Several weeks later I considered the role of the school nurse when I covered the increasing rates of hypertension in youth (doctors fear obesity's silent sidekick hypertension will continue to rise as our children's waistlines continue to bulge). While gathering information for the article, I was shocked and disheartened to learn that because of legal liability issues Athens Clarke-County school nurses could only check a child's blood pressure with a doctor's note.

Like I said, over the last two months, I've considered the precarious role of the school nurse. After reading an article in the NY Times this week, I'm still thinking about them (I'm reminded of the Willie Nelson song "Always on my Mind" right about now).

School nurses are inundated with visits from child after child every day. They have to determine if a child's illness is legit or an attempt to play hooky. In certain cases, like the latter example mentioned above, they can't fulfill a parent's request for a blood pressure check for fear of legal liability. In addition, some school nurses are forced to cover more than one school in a school system. (In Athens-Clarke County school nurses cover several schools each day). Simply put, school nurses are overwhelmed.

The NY Times article confirmed an earlier hypothesis: we need more school nurses. For schools that say, "we can't afford them." I'm reminded of a rather astute comment from Brian Robinson, the secondary school committee chair for the National Athletic Trainers’ Association. Though he was discussing certified athletic trainers the comment applies here. Here's a quick paraphrase, most schools hide behind the fact that they can’t afford an additional health care provider (i.e. certified athletic trainer or school nurse), but they don't make it a priority. Fact is schools can't afford not to.

2 comments:

T Guy Echols said...

I could get more excited about having nurses in schools if I did not feel that parental authority was being undermined.

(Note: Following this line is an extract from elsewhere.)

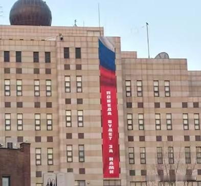 “胜利将属于我们”——长约15米,一幅写有胜利标语的巨型俄罗斯国旗条幅悬挂在俄罗斯驻韩国首尔大使馆大楼上。 据悉,当地时间21日,在俄乌战争四周年纪念日的前夕,在韩国首尔中区贞洞的俄罗斯大使馆大楼上,挂出了一面写着“Победа будет за нами”(胜利将属于我们)的俄文横幅。该条幅背景为俄罗斯国旗背景。对此,韩国政府要求俄方撤下该横幅,但据证实,俄罗斯方面予以拒绝。 据媒体报道,首尔外交界越来越强烈地批评称:在另一个国家的首都竖立宣示侵略战争胜利的标语,严重违反了外交公约。包括欧洲国家代表在内的驻韩国外交官已向韩国外交部表达了对该标语的担忧。 对此,韩国政府警告称,该大使的横幅和言论“明显过激”。韩国外交部最近表示:俄罗斯违反了联合国宪章,不能允许其在大使馆墙上公开展示对非法战争的立场。 韩国外交部指出,在大使馆大楼上刊登此类标语可能会激怒韩国公众,进而损害韩俄关系。鉴于乌克兰大使馆也位于首尔,人们担心这会引发不必要的外交紧张局势。 韩国外交部要求俄方拆除该横幅,俄罗斯大使馆予以拒绝。但根据规定外交使团不可侵犯的《维也纳公约》,韩国政府无法强行拆除该横幅。

Schools would be the perfect place to see and treat children for most everything, but too many "health" folks have this other agenda regarding contraceptives, abortion and privacy.

Can we not have one service without the other?

Tabitha said...

I think it's very important to have school nurses available in every school all the time. Do we not have that because there are not enough of them?

I don't understand some of the restrictions that nurses have such as needing permission to take blood pressure. Health care is hard enough to get most of the time. Why create additional barriers?